Inayat visitait souvent son murshid, vivant à sept miles de chez lui, le considérant comme un roi. Leur lien grandissait, le murshid voyant en lui un but encore inconnu. Sans forcer, il le guidait avec grâce et compassion, appréciant son talent musical et sa personnalité. Inayat s’asseyait devant lui, cœur ouvert, prêt à recevoir inspiration et élévation. De retour chez lui, Inayat méditait longuement sur les paroles reçues.

Ses amis remarquèrent un changement profond dans son discours, ses actions et son attitude. Sa voix et son chant évoluèrent, étonnant le Nizâm et son entourage, qui ne comprenaient pas pourquoi il voulait s’éloigner de la cour. Ce détachement silencieux le poussait à se détourner des attraits mondains. La prospérité de la cour ne l’illusionnait plus; il avait trouvé quelque chose de plus grand : la présence de son murshid, Sayyed Mohammed Abou Hashim Madani. Deux souverains devant lui, l’un terrestre, l’autre spirituel, réduisaient l’importance des biens matériels.

Mourid

Le lien intérieur

Un ami orthodoxe reprocha à Inayat son manque de conformité religieuse, ses habits et ses fréquentations diverses. Le Murshid répondit que, tandis que l’ami voyait l’apparence, lui voyait l’essence d’Inayat, son mourîd bien-aimé. Il rappela que le lien entre Murshid et murîd est une amitié éternelle, sur le chemin de Dieu et de la vérité.

Le murshid, homme simple et ascète d’apparence, adorait la musique et appréciait le talent d’Inayat. Sa maison rayonnait d’amour et culture, accueillant tous avec hospitalité. Un jour, voyant ses chaussures brodées d’or, Inayat se sentit coupable de juger, mais le murshid sourit en disant que les trésors terrestres sont dignes d’être à ses pieds. Il bénissait Inayat en lui disant, « Que Dieu fortifie ta foi », dont il comprit plus tard la valeur : la foi exauce tous les souhaits.

Le départ du murshid

Lorsqu’il tomba malade, Inayat fut profondément attristé. Il se demanda pourquoi même les êtres élevés souffrent. Le murshid répondit que la vie est soumise aux lois naturelles et que plaisir et douleur coexistent, l’un donnant sens à l’autre. La maladie du murshid progressait, mais il supportait la souffrance avec force et patience. Sa présence rayonnait la divinité. Le jour annoncé de son départ arriva; il fit ses adieux, demandant pardon pour ses fautes, bénissant tous avant de se retirer en prière, quittant ce monde dans la paix.
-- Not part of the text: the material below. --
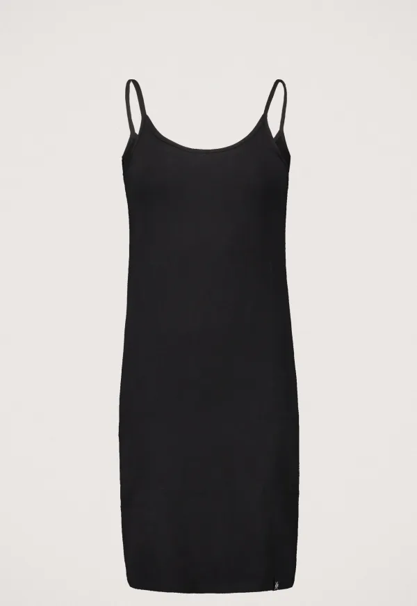 Dit is de Bella Jurk van het merk Silvercreek. De jurk heeft een diepe ronde hals, spaghettibandjes en heeft een Silvercreek logo aan de onderkant.

La perte du murshid laissa un vide immense à Inayat. Les visites, la cour, les poètes ne l’attiraient plus. Le sol fertile d’Hyderabad lui semblait désert. Son désir d’isolement et renoncement renaquit. Sans prévenir, il quitta la cour et, au lieu de retourner à Baroda, entama un pèlerinage auprès des saints de l’Inde.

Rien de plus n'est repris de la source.